## INFORMATION SHOWN

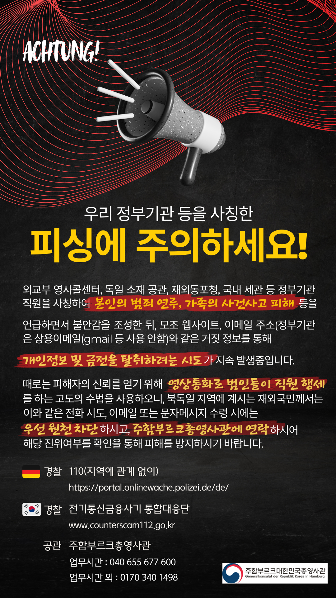 2025년부터 우리국민을 대상으로 재외공관 등 우리 정부 기관을 사칭한 피싱범죄가 성행하고 있습니다. 독일 지역 또한 해당 범죄시도가 많이 포착되고 있는 만큼, 북독일 지역을 포함한 독일 지역에 계시는 재외국민께서는 아래 포스터를 참고하시어 피해 예방에 각별히 관심을 가져주시기 바랍니다.
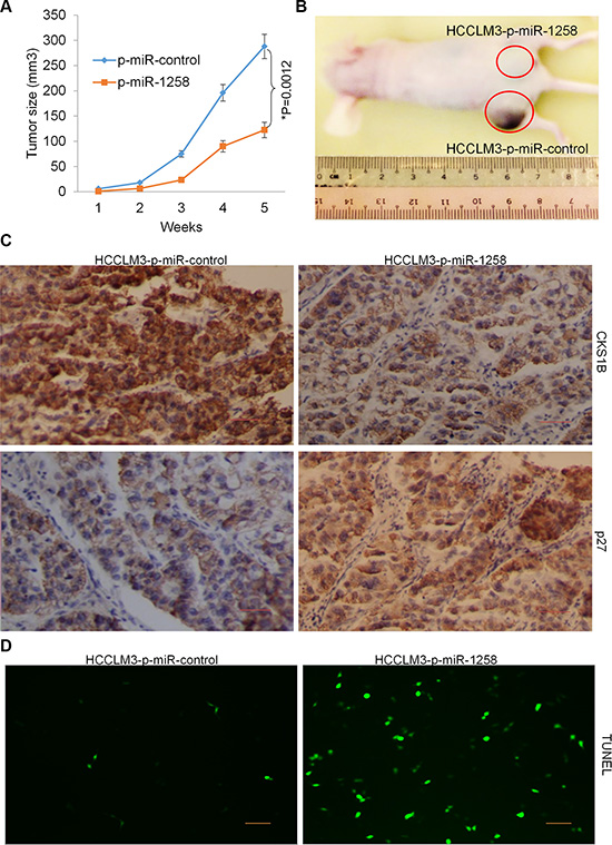 Figure 7: Stable overexpression of miR-1258 decreases tumorigenicity of HCC cells. (A) Determination of the tumor growth. Tumor volume was calculated every week after injection. Data were mean ± SD of three independent experiments. *P = 0.0012. (B) Representative image of tumor formation. Nude mice were subcutaneously injected with 5 × 106 P-miR-1258 or P-miR-control stable transfected HCCLM3 cells. (C) The Representative images of immunohistochemistry (IHC) analysis showing that the expression of CKS1B was significant decreased while p27 was significantly increased by overexpression of miR-1258. (D) Representative images of TUNEL staining of tumor tissues showing that overexpression of miR-1258 significantly promotes tumor cell apoptosis.
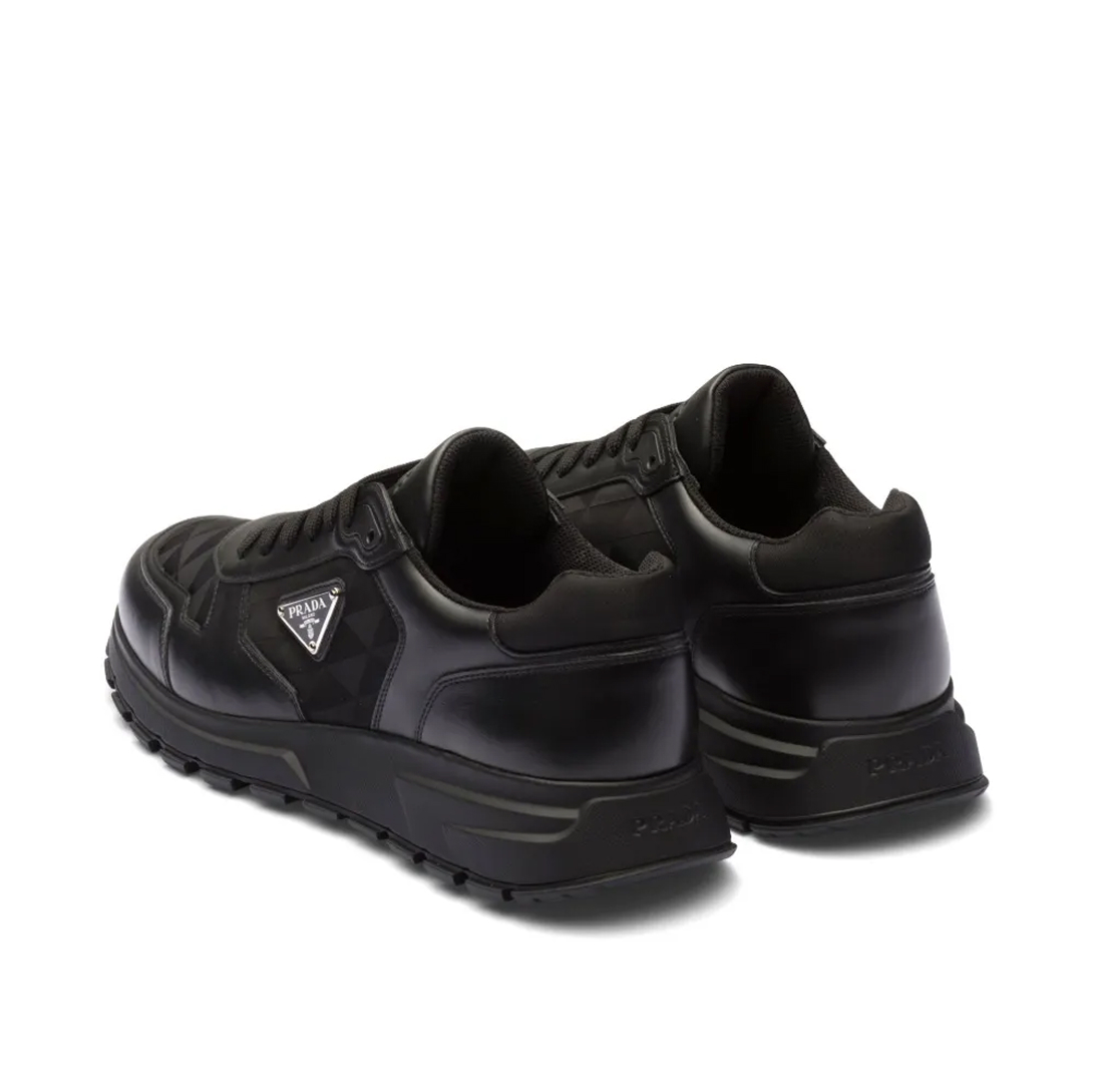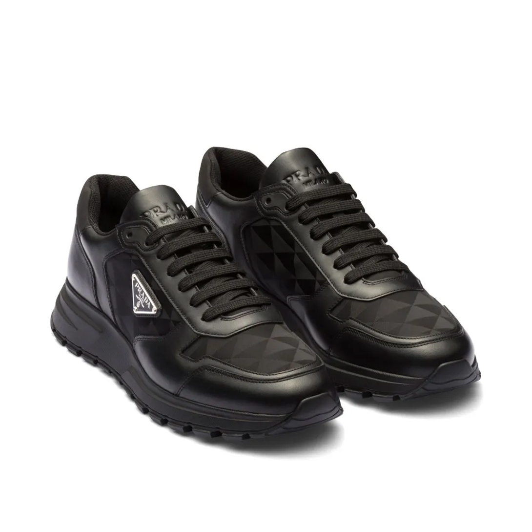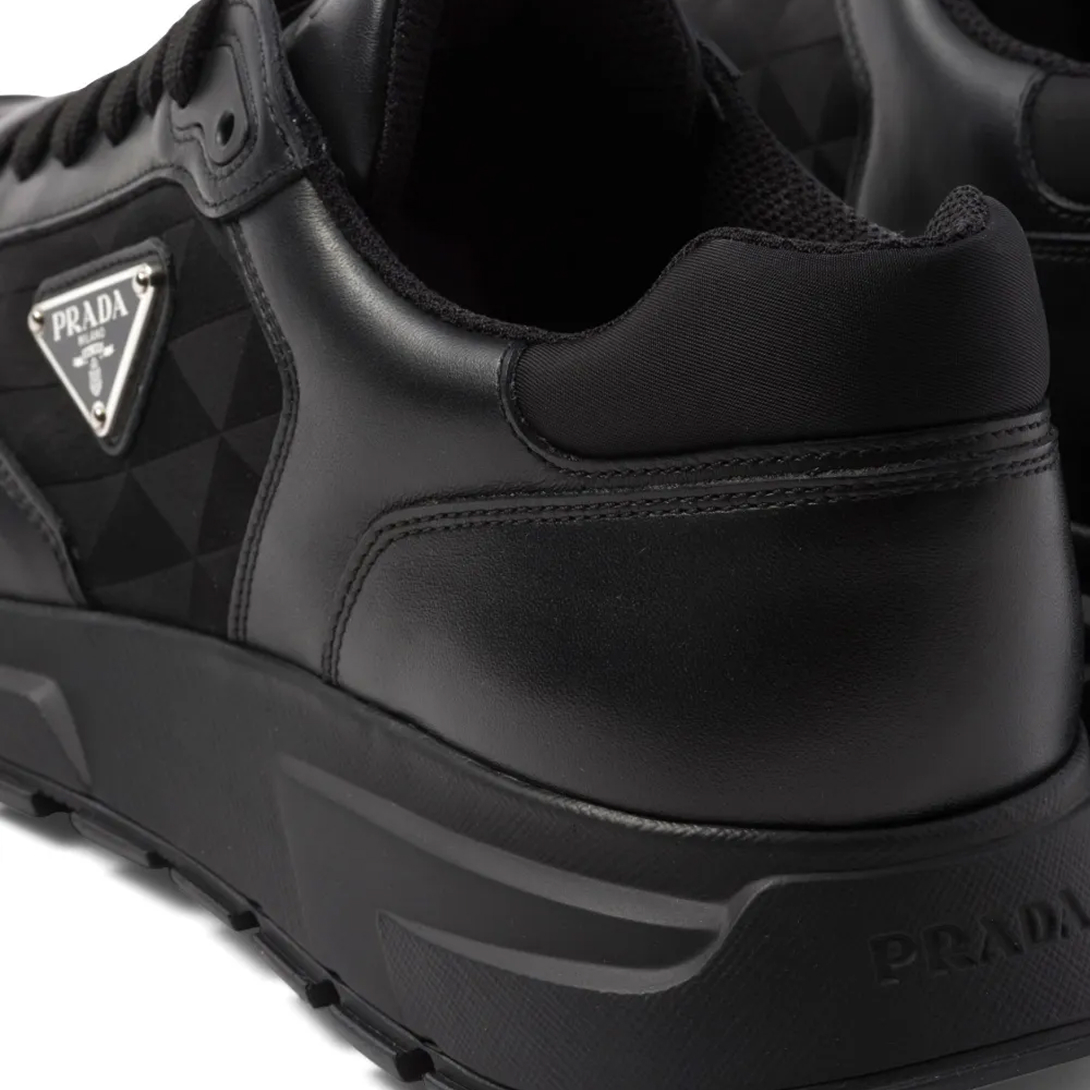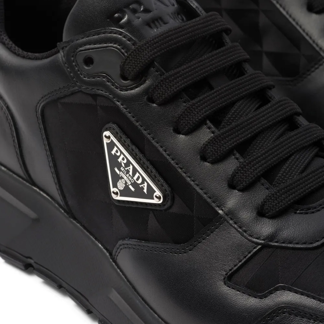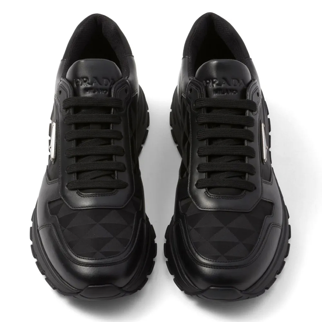 Com visual refinado e toque esportivo, este tênis Prada combina couro preto com lona texturizada em logo jacquard. O design é complementado pelo icônico logo triangular, assinatura na lingueta e palmilha personalizada. Ideal para looks urbanos com sofisticação e atitude.

## WORK REQUEST
Without including any pictures, reproduce the data exactly.

## RESPONSE TO THE TASK
 2025년부터 우리국민을 대상으로 재외공관 등 우리 정부 기관을 사칭한 피싱범죄가 성행하고 있습니다. 독일 지역 또한 해당 범죄시도가 많이 포착되고 있는 만큼, 북독일 지역을 포함한 독일 지역에 계시는 재외국민께서는 아래 포스터를 참고하시어 피해 예방에 각별히 관심을 가져주시기 바랍니다.
 Figure 7: Stable overexpression of miR-1258 decreases tumorigenicity of HCC cells. (A) Determination of the tumor growth. Tumor volume was calculated every week after injection. Data were mean ± SD of three independent experiments. *P = 0.0012. (B) Representative image of tumor formation. Nude mice were subcutaneously injected with 5 × 106 P-miR-1258 or P-miR-control stable transfected HCCLM3 cells. (C) The Representative images of immunohistochemistry (IHC) analysis showing that the expression of CKS1B was significant decreased while p27 was significantly increased by overexpression of miR-1258. (D) Representative images of TUNEL staining of tumor tissues showing that overexpression of miR-1258 significantly promotes tumor cell apoptosis.
 Com visual refinado e toque esportivo, este tênis Prada combina couro preto com lona texturizada em logo jacquard. O design é complementado pelo icônico logo triangular, assinatura na lingueta e palmilha personalizada. Ideal para looks urbanos com sofisticação e atitude.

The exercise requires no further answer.